"No, no, I did not kill her—that is not so. As God is my Judge, that is not so."
"You did not kill her with the knife? . . . Well, I will be honest now, and say that I believe that, whatever I may have hinted or said before. But you killed her just the same when you left her."
"Mercy Falchion," he said desperately, "I will not try to palliate my sin. But still I must set myself right with you in so far as I can. The very night Alo killed herself I had made up my mind to leave the navy. I was going to send in my papers, and come back to Apia, and marry her as Englishmen are married. While I remained in the navy I could not, as you know, marry her. It would be impossible to an English officer. I intended to come back and be regularly married to her."

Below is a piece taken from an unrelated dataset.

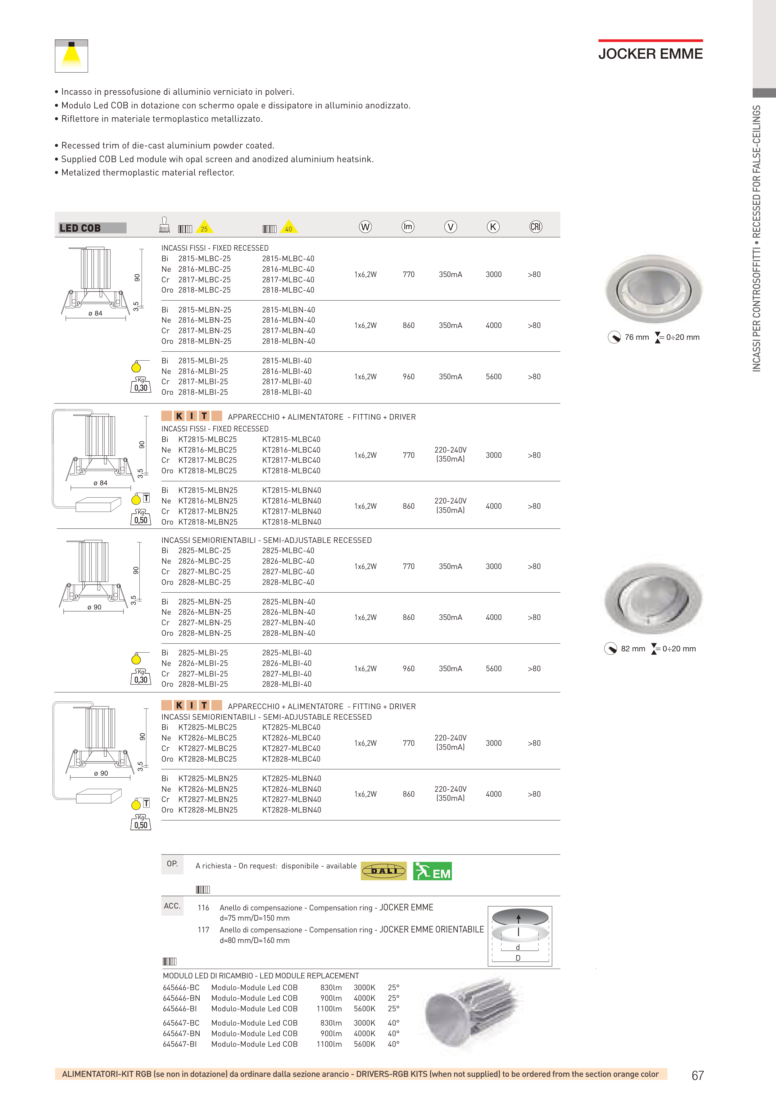 • Modulo Led COB in dotazione con schermo opale e dissipatore in alluminio anodizzato.

"You say that now," was the cold reply.
"But it is the truth, the truth indeed. Nothing that you might say could make me despise myself more than I do; but I have told you all, as I shall have to tell it one day before a just God. You have spared me: He will not."
"Gait Roscoe," she replied, "I am not merciful, nor am I just. I intended to injure you, though you will remember I saved your life that night by giving you a boat for escape across the bay to the 'Porcupine', which was then under way. The band on board, you also remember, was playing the music of La Grande Duchesse. You fired on the natives who followed. Well, Sam Kilby was with them. Your brother officers did not know the cause of the trouble. It was not known to any one in Apia exactly who it was that Kilby and the natives had tracked from Alo's hut."
He drew his hand across his forehead dazedly.
"Oh, yes I remember!" he said. "I wish I had faced the matter there and then. It would have been better."
"I doubt that," she replied. "The natives who saw you coming from Alo's hut did not know you. You wisely came straight to the Consul's office— my father's house. And I helped you, though Alo, half-caste Alo, was— my sister!"
Roscoe started back. "Alo—your—sister!" he exclaimed in horror.